REQUIRED ACTION: In the listing below, locate the lines bearing the word "brand". Copy every one of them.

-------

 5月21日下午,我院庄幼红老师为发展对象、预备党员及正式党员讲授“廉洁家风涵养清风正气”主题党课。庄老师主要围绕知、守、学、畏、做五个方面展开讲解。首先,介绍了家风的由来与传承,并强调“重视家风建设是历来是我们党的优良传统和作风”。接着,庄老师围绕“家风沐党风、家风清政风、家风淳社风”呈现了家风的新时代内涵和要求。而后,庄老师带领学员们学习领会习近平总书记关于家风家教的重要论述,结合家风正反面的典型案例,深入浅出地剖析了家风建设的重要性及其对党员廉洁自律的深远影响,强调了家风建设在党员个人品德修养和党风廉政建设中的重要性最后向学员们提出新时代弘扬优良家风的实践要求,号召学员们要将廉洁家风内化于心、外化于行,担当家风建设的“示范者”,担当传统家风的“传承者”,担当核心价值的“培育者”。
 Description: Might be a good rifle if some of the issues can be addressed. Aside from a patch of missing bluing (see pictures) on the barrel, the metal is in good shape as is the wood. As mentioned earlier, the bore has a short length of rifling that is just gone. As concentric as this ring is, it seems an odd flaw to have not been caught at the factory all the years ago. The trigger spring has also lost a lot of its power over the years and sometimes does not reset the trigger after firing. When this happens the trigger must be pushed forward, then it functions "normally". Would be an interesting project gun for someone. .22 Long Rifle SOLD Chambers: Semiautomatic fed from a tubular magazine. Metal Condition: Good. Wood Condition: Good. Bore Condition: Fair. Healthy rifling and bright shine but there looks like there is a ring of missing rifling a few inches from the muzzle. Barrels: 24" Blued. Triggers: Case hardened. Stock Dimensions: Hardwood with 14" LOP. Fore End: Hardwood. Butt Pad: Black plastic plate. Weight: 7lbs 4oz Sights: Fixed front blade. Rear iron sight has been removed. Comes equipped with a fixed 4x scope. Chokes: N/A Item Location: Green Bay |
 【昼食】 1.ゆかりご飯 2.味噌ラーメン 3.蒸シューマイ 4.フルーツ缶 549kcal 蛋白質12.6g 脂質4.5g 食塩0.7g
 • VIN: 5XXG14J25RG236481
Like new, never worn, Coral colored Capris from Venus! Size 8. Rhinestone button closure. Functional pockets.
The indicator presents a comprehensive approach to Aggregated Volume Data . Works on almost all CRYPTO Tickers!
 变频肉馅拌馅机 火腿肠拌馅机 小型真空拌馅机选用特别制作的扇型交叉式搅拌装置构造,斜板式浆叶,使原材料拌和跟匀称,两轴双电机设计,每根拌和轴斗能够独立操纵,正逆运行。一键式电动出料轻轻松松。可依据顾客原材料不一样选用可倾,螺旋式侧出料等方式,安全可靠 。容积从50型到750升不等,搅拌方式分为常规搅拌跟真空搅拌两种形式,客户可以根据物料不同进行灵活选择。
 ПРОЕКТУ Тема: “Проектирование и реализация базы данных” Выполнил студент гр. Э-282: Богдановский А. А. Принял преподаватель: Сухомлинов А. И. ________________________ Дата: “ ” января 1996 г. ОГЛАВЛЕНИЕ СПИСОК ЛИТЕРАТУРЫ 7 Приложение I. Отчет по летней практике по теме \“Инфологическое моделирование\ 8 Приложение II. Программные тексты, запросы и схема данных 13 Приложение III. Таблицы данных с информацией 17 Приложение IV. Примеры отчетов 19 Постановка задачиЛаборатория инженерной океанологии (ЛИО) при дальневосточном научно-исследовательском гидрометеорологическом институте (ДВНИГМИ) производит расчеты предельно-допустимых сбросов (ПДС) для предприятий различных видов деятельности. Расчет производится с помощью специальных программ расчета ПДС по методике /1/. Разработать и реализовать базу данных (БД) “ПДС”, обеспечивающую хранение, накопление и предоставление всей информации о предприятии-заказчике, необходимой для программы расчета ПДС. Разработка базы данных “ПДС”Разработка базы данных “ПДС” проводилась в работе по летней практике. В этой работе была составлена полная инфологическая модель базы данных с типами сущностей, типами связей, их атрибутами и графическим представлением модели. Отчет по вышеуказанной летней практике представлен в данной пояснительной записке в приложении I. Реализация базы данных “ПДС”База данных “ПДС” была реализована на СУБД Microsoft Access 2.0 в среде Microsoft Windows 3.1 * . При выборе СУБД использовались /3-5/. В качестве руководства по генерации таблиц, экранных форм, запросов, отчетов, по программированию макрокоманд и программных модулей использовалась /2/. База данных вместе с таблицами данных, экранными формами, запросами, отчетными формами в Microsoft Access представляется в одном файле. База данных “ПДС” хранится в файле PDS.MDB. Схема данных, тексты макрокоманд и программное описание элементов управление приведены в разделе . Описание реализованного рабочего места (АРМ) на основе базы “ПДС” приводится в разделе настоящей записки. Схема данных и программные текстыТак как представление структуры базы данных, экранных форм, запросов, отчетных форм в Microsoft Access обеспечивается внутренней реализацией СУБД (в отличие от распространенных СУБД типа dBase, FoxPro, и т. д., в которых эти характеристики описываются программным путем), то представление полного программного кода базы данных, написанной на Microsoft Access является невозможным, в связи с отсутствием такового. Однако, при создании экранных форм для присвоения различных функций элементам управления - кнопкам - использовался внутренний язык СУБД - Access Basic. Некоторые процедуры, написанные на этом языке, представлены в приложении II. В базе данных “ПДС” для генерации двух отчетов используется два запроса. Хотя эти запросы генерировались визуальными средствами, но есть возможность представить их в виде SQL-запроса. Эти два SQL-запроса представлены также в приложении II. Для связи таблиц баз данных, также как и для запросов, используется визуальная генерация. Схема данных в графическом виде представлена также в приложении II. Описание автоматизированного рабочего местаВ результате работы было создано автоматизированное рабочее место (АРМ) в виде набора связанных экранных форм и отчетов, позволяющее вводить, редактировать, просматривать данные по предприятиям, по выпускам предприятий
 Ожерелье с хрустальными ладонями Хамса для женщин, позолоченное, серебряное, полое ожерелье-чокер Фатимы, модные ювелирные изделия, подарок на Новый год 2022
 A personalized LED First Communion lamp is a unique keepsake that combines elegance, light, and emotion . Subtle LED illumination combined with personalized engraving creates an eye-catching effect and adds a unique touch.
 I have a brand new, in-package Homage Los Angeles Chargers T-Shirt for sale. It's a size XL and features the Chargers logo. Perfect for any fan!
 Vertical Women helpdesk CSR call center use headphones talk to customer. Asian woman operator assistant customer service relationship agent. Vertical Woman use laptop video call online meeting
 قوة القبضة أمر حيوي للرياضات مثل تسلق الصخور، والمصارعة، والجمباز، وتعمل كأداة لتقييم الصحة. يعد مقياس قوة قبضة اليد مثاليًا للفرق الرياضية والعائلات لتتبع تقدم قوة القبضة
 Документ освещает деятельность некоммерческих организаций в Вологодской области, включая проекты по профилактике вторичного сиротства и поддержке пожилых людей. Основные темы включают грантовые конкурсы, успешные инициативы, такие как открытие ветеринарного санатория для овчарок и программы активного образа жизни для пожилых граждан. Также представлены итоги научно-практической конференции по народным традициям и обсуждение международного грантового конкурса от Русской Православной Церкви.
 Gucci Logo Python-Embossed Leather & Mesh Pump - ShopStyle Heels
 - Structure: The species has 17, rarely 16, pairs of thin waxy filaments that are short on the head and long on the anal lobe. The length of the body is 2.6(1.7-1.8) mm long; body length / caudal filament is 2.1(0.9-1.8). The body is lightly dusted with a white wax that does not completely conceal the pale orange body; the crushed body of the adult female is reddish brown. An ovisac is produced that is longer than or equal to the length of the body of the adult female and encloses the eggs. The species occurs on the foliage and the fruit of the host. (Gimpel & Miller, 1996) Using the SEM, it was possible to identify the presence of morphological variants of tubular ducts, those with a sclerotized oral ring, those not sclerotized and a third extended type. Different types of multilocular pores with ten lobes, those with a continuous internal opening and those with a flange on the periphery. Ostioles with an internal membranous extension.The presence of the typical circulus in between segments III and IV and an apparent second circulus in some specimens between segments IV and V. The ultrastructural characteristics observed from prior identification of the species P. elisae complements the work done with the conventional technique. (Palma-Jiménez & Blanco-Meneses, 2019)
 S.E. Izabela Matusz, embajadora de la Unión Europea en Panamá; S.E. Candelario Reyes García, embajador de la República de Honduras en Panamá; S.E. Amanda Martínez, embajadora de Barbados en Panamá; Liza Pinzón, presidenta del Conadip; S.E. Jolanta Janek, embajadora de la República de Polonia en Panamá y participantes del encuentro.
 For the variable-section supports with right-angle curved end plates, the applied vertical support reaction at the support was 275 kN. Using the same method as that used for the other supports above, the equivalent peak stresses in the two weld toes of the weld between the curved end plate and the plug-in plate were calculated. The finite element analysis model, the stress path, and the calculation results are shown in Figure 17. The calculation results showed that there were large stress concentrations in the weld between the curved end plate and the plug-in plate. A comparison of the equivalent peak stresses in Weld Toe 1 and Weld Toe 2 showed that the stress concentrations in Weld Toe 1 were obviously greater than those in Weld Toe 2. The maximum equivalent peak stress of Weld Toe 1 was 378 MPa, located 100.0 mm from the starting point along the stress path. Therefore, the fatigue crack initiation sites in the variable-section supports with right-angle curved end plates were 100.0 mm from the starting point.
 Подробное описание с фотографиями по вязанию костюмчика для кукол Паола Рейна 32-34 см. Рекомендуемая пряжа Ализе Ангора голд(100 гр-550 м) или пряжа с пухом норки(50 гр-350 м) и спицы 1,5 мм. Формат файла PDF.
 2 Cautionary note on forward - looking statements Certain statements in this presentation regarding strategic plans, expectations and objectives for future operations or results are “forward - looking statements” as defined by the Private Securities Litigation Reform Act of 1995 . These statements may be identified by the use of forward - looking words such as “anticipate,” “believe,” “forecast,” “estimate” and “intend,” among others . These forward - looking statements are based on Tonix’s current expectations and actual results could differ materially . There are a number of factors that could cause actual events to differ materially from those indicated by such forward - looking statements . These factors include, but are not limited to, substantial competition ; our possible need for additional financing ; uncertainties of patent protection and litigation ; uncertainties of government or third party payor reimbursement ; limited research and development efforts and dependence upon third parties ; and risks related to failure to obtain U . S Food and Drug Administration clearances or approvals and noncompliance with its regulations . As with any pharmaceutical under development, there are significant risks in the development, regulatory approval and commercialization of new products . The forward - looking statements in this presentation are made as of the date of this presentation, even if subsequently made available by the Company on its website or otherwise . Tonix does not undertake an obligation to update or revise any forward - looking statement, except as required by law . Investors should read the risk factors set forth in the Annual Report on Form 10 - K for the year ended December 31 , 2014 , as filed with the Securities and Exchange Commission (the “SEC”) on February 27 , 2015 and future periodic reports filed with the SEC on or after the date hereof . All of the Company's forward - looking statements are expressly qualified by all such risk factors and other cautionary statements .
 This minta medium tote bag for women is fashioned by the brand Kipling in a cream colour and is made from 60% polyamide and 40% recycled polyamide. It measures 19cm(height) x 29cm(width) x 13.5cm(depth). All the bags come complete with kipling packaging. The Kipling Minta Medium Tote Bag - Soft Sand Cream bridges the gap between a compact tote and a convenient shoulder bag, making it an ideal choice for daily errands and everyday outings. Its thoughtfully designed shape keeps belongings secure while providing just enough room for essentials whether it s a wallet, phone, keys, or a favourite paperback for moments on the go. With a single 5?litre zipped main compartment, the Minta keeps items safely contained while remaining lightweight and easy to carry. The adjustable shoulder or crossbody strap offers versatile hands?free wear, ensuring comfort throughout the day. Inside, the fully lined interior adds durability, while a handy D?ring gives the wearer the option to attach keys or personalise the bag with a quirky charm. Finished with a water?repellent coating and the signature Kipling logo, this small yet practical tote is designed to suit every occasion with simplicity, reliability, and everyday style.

-------

REPLY:
 I have a brand new, in-package Homage Los Angeles Chargers T-Shirt for sale. It's a size XL and features the Chargers logo. Perfect for any fan!
 This minta medium tote bag for women is fashioned by the brand Kipling in a cream colour and is made from 60% polyamide and 40% recycled polyamide. It measures 19cm(height) x 29cm(width) x 13.5cm(depth). All the bags come complete with kipling packaging. The Kipling Minta Medium Tote Bag - Soft Sand Cream bridges the gap between a compact tote and a convenient shoulder bag, making it an ideal choice for daily errands and everyday outings. Its thoughtfully designed shape keeps belongings secure while providing just enough room for essentials whether it s a wallet, phone, keys, or a favourite paperback for moments on the go. With a single 5?litre zipped main compartment, the Minta keeps items safely contained while remaining lightweight and easy to carry. The adjustable shoulder or crossbody strap offers versatile hands?free wear, ensuring comfort throughout the day. Inside, the fully lined interior adds durability, while a handy D?ring gives the wearer the option to attach keys or personalise the bag with a quirky charm. Finished with a water?repellent coating and the signature Kipling logo, this small yet practical tote is designed to suit every occasion with simplicity, reliability, and everyday style.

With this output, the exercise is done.